### Information provided
----------
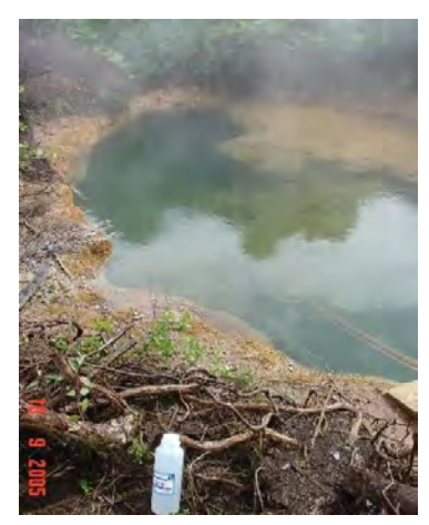
Figure 15-2: Tuwhare Spring in 2005.

Description: A hot, clear spring about 6 m long and with a maximum width of 2 m. It is surrounded by a flat sinter apron at the south-east end of the marae grounds, which is across the road from the public baths. It is about 30 m north from the roadside and surrounded by a high fence covered in Japanese honeysuckle.
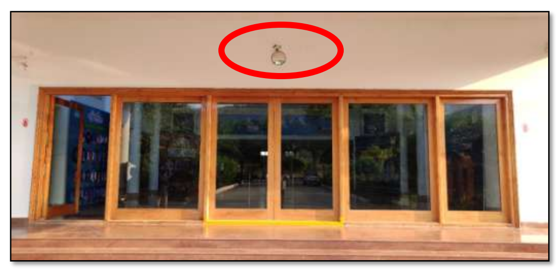
CC Cameras installed at the entrance of the College
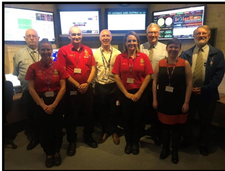
The CFRs, together with representatives from NHS Improvement and operatives from the National Radio Centre

The team were able to speak with contacts in the United States, Moldova and Israel as well as to a crew flying in a Boeing 737 in the skies whilst enroute to Albania.
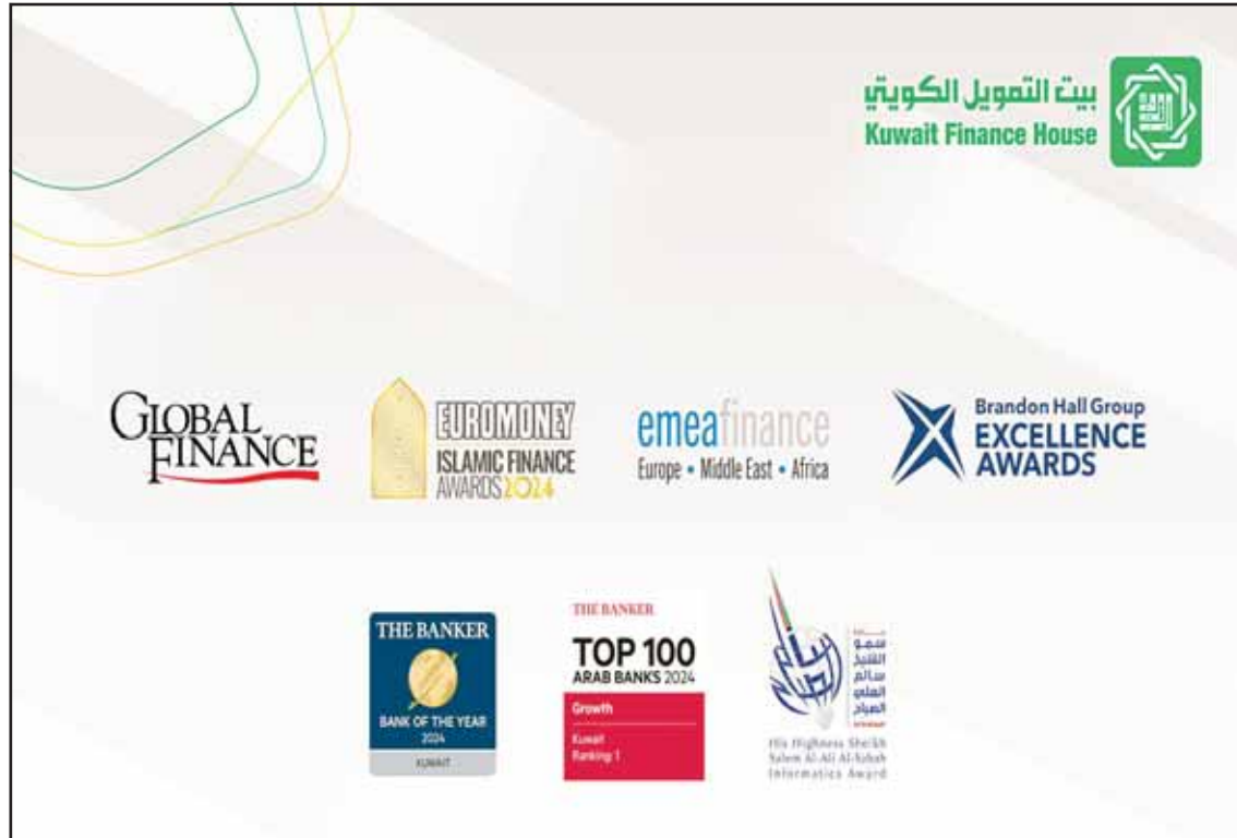
Most notable awards
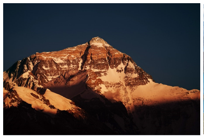
A view of Mount Qomolangma at sunset
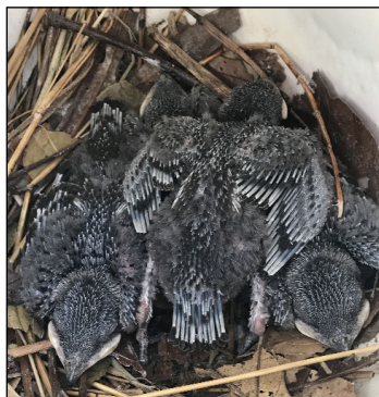
Purple Martin Chicks - 11 days old
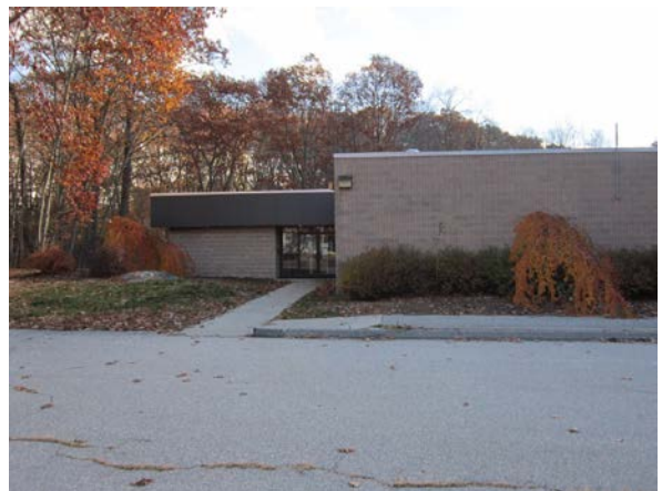
Photograph E-18. Entrance to Building 1004.
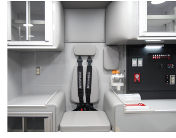
PADDED FOR PROTECTION
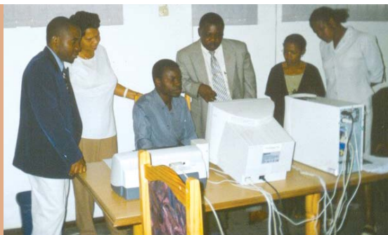
Staff of the Balcão Único explaining their work to visitors
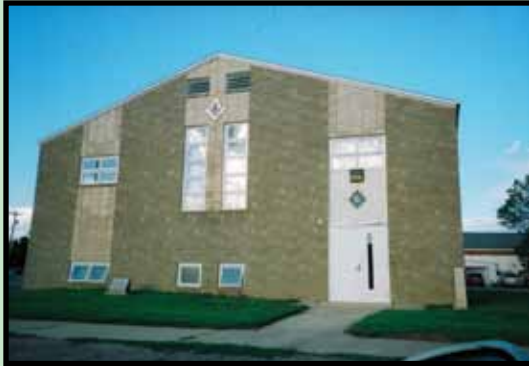
Spearfish #18, Spearfish, SD
----------
### Exercise aim
From the first record to the last, retype everything exactly except the images.

### Output of the task
Figure 15-2: Tuwhare Spring in 2005.

Description: A hot, clear spring about 6 m long and with a maximum width of 2 m. It is surrounded by a flat sinter apron at the south-east end of the marae grounds, which is across the road from the public baths. It is about 30 m north from the roadside and surrounded by a high fence covered in Japanese honeysuckle.
CC Cameras installed at the entrance of the College
The CFRs, together with representatives from NHS Improvement and operatives from the National Radio Centre

The team were able to speak with contacts in the United States, Moldova and Israel as well as to a crew flying in a Boeing 737 in the skies whilst enroute to Albania.
Most notable awards
A view of Mount Qomolangma at sunset
Purple Martin Chicks - 11 days old
Photograph E-18. Entrance to Building 1004.
PADDED FOR PROTECTION
Staff of the Balcão Único explaining their work to visitors
Spearfish #18, Spearfish, SD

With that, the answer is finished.